Aparentemente subvertendo o título do tema deste primeiro painel, nesta minha intervenção irei procurar demonstrar a tendência cada vez mais atual da mais alta instância do Poder judicial em Portugal – o Supremo Tribunal de Justiça – num número crescente de situações, mais do que realizar o direito ditado pelo poder legislativo legítimo, é ele mesmo quem define o conteúdo das normas que devem solucionar o caso controvertido.

Como referi num recente colóquio em matéria de direito civil, face à incapacidade de o poder legislativo acompanhar as rápidas mudanças sociais e tecnológicas, as decisões dos tribunais, embora proferidas em casos concretos, vão ganhando cada vez mais uma importância acrescida na definição do próprio direito que aplicam.

E o Supremo Tribunal de Justiça, pela seu posicionamento no vértice superior da pirâmide dos tribunais judiciais, funciona como uma bússola orientadora de toda a jurisprudência, neste tipo de decisões.

Na verdade, a par de um tradicional papel estabilizador, sendo dele a última palavra, o Supremo Tribunal de Justiça, cada vez mais vai-se assumindo como o grande protagonista da evolução dinâmica do direito.

Ao resolver disputas teóricas, solucionando casos da vida real, ao enfrentar novas problemáticas a aplicar legislação que já não reflete os sentimentos, nem os interesses prevalecentes da comunidade, o Supremo Tribunal de Justiça, através de uma atividade interpretativa e integradora, molda o conteúdo das regras, preenche vazios normativos e adapta as leis existentes às novas realidades.

Perante este desafiante papel, imposto pelas necessidades de um Estado de Direito surpreendido por um novo mundo e paralisado pelas sucessivas crises que o vão debilitando, não é possível escapar a um certo ativismo judiciário.

Vai fazendo algum sentido o entendimento de que verdadeiramente as leis são feitas pelos homens que as aplicam.

Com a instituição no século XVIII dos regimes liberais, é na concretização do princípio da separação de poderes que reside o segredo do equilíbrio harmónico de um Estado de Direito.

Desde sempre aprendemos que cada um dos diferentes poderes estaduais – legislativo, executivo e judicial – deve atuar de maneira independente e autónoma, mas em harmonia, evitando concentrações domínios e invasões de fronteiras, estabelecendo-se um cuidado sistema de “freios e contrapesos”.

Nesta estrutura modelar típica, o papel do Judiciário seria essencialmente o de aplicar o direito contido nas normas jurídicas criadas pelos órgãos dotados de poder legislativo.

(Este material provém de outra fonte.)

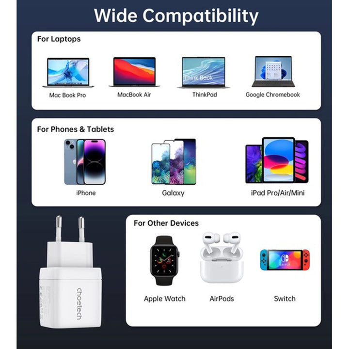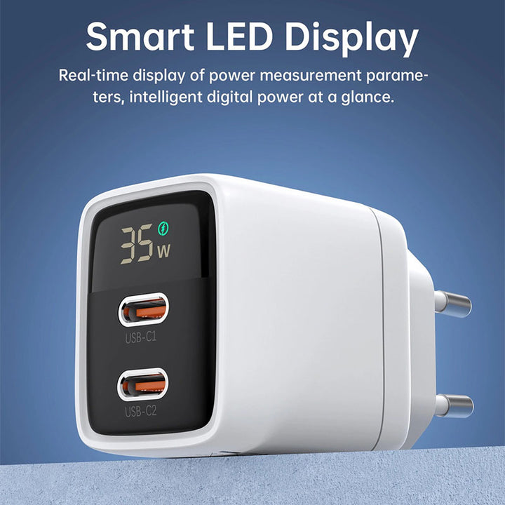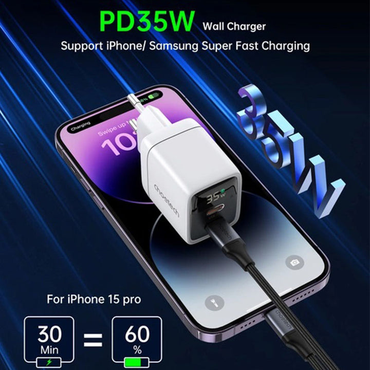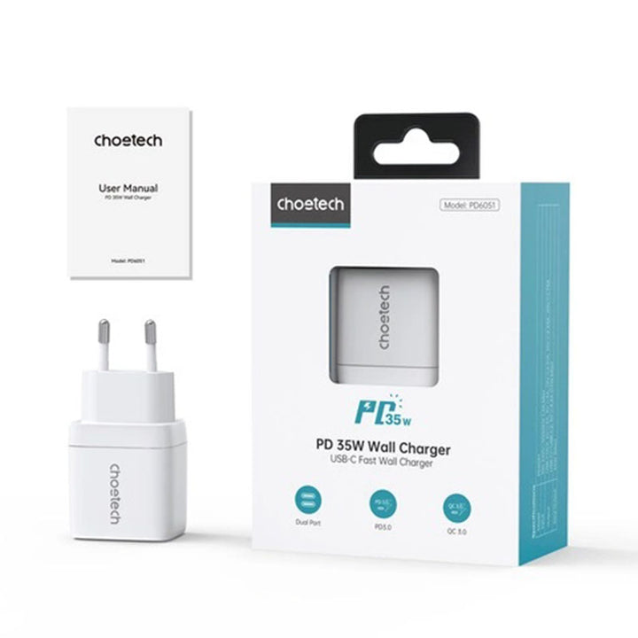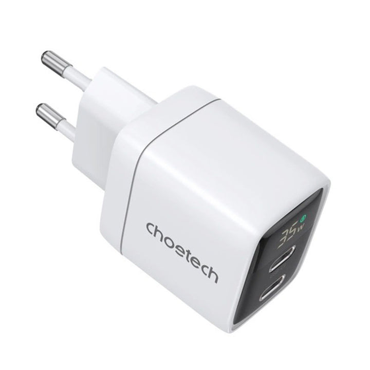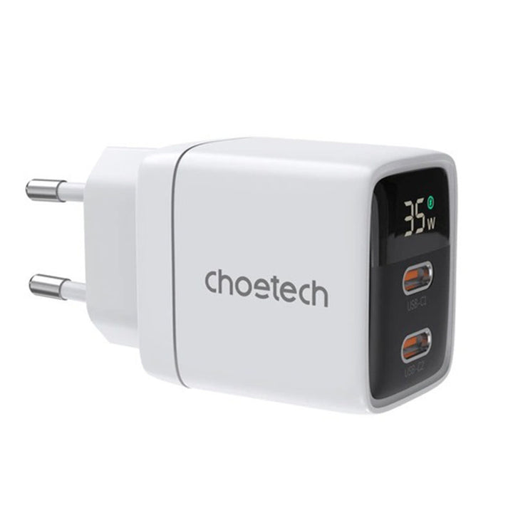 Upgrade your charging game with the Choetech PD6051 2x USB-C PD 35W GaN Wall Charger with Display. This best quality wall charger features advanced GaN technology for a compact design and efficient power delivery. With dual USB-C ports, it supports fast charging for multiple devices simultaneously.
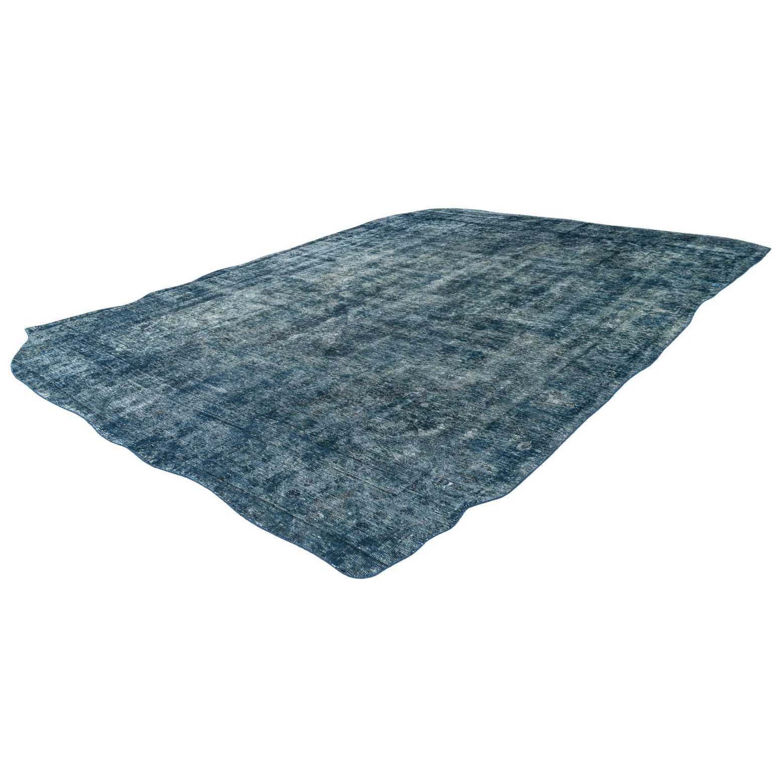 A 9x12 rectangular Ultra Vintage rug in distressed blues and greens with a subtle Persian medallion pattern.

Assim se cumpriria a função dos tribunais se limitarem a realizar o direito, aplicando o conteúdo abstrato das normas ao caso concreto, através de uma simples operação mecânica de subsunção.

No entanto, a realidade prática do judiciário, frequentemente, exige que os tribunais procedam à integração de normas quando o ordenamento existente é vago ou omisso, revelando-se insuficiente para solucionar o caso concreto através de uma simples operação de subsunção.

Nesses contextos exigentes, os tribunais exercem uma função integradora, aplicando o direito de forma a preencher lacunas ou a resolver insuficiências legislativas, independentemente delas resultarem ou não de uma opção deliberada do legislador.

Embora, não criem normas retiradas de um vazio jurídico, uma vez que terão que ter em conta as linhas de orientação traçadas pelo poder legislativo e os princípios gerais do direito, por ele também definidos, os tribunais, ao interpretar e ao integrar o direito positivo existente acabam por criar novas normas, preenchendo espaços livres do ordenamento jurídico numa atividade criativa autorizada pelo sistema.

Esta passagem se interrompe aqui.